WHAT IS NEEDED: Restate all of the entries exactly. Any picture in them should be skipped.

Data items

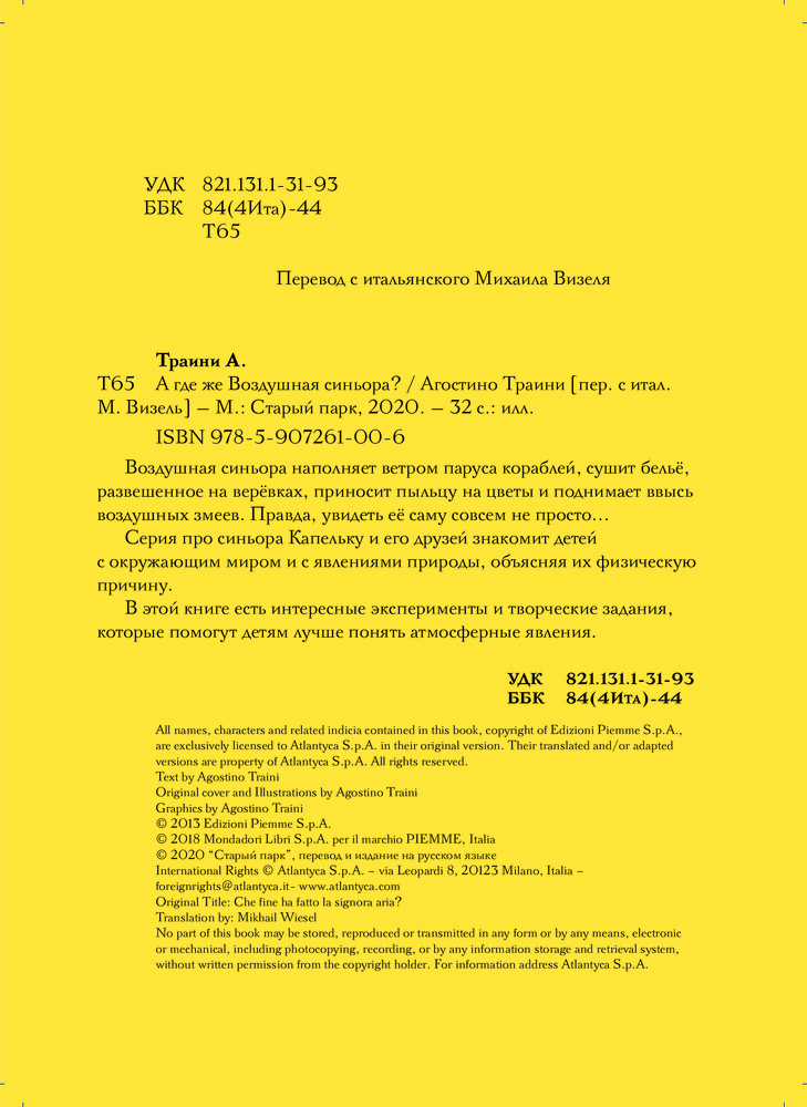 💳 Оплатить за товар можно при получении 🇰🇿 Есть бесплатная доставка по Казахстану 🎁 Копите бонусы с каждой покупки Серия: Синьор Капелька и его друзья Воздушная синьора наполняет ветром паруса кораблей, сушит белье, развешенное на веревках, приносит пыльцу на цветы и поднимает ввысь воздушных змеев. Правда увидеть ее саму совсем не просто... Воздушная синьора расскажет что такое невидимый воздух, почему ветер бывает разный и как с ним подружиться. |
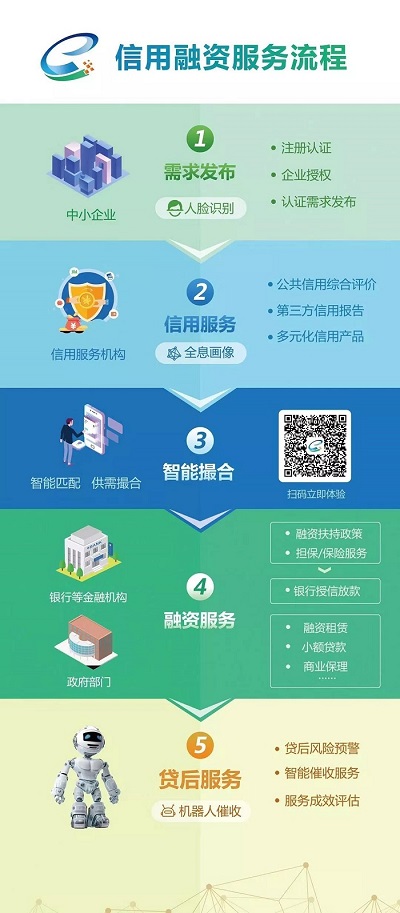 以大数据、智能风控等金融科技为支撑,全国信易贷平台紧紧围绕“信用”这个核心要素,打造了覆盖全国、全金融场景和企业生命周期的综合性公共服务平台。借助全国信易贷平台,政府部门、银行、信用服务机构和各类金融机构可迅速为中小企业服务提供精准融资服务,有力缓解中小企业融资难题。
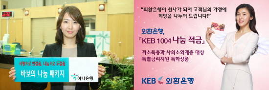 한편, 외환은행의 ‘KEB 1004 나눔 적금’은 저소득층과 사회소외계층의 목돈마련을 돕기 위한 사회공헌적 상품이다.
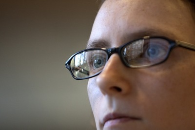 Candid, color close up photo of a student playing videos games in Stevenson Hall. The student is wearing small tortoiseshell glasses.
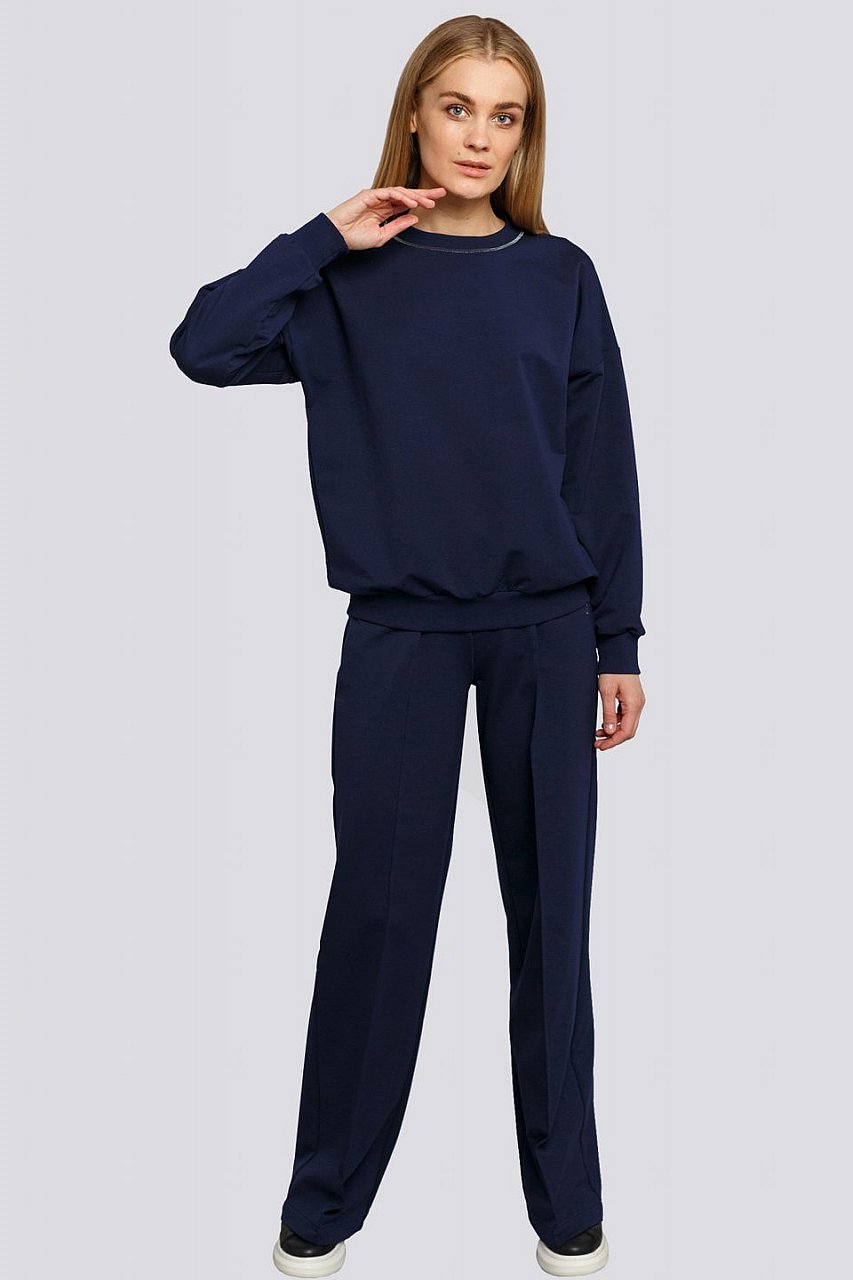 Костюм в стиле спорт шик из трикотажа. Лаконичный, свободный свитшот с серебряной отделкой по горловине. Широкие брюки со стрелками, в боковых швах карманы. Пояс на резинке. Состав трикотажа: 75% хлопок, 20% полиэстер, 5% спандекс.

COMPLETED EXERCISE:
 💳 Оплатить за товар можно при получении 🇰🇿 Есть бесплатная доставка по Казахстану 🎁 Копите бонусы с каждой покупки Серия: Синьор Капелька и его друзья Воздушная синьора наполняет ветром паруса кораблей, сушит белье, развешенное на веревках, приносит пыльцу на цветы и поднимает ввысь воздушных змеев. Правда увидеть ее саму совсем не просто... Воздушная синьора расскажет что такое невидимый воздух, почему ветер бывает разный и как с ним подружиться. |
 以大数据、智能风控等金融科技为支撑,全国信易贷平台紧紧围绕“信用”这个核心要素,打造了覆盖全国、全金融场景和企业生命周期的综合性公共服务平台。借助全国信易贷平台,政府部门、银行、信用服务机构和各类金融机构可迅速为中小企业服务提供精准融资服务,有力缓解中小企业融资难题。
 한편, 외환은행의 ‘KEB 1004 나눔 적금’은 저소득층과 사회소외계층의 목돈마련을 돕기 위한 사회공헌적 상품이다.
 Candid, color close up photo of a student playing videos games in Stevenson Hall. The student is wearing small tortoiseshell glasses.
 Костюм в стиле спорт шик из трикотажа. Лаконичный, свободный свитшот с серебряной отделкой по горловине. Широкие брюки со стрелками, в боковых швах карманы. Пояс на резинке. Состав трикотажа: 75% хлопок, 20% полиэстер, 5% спандекс.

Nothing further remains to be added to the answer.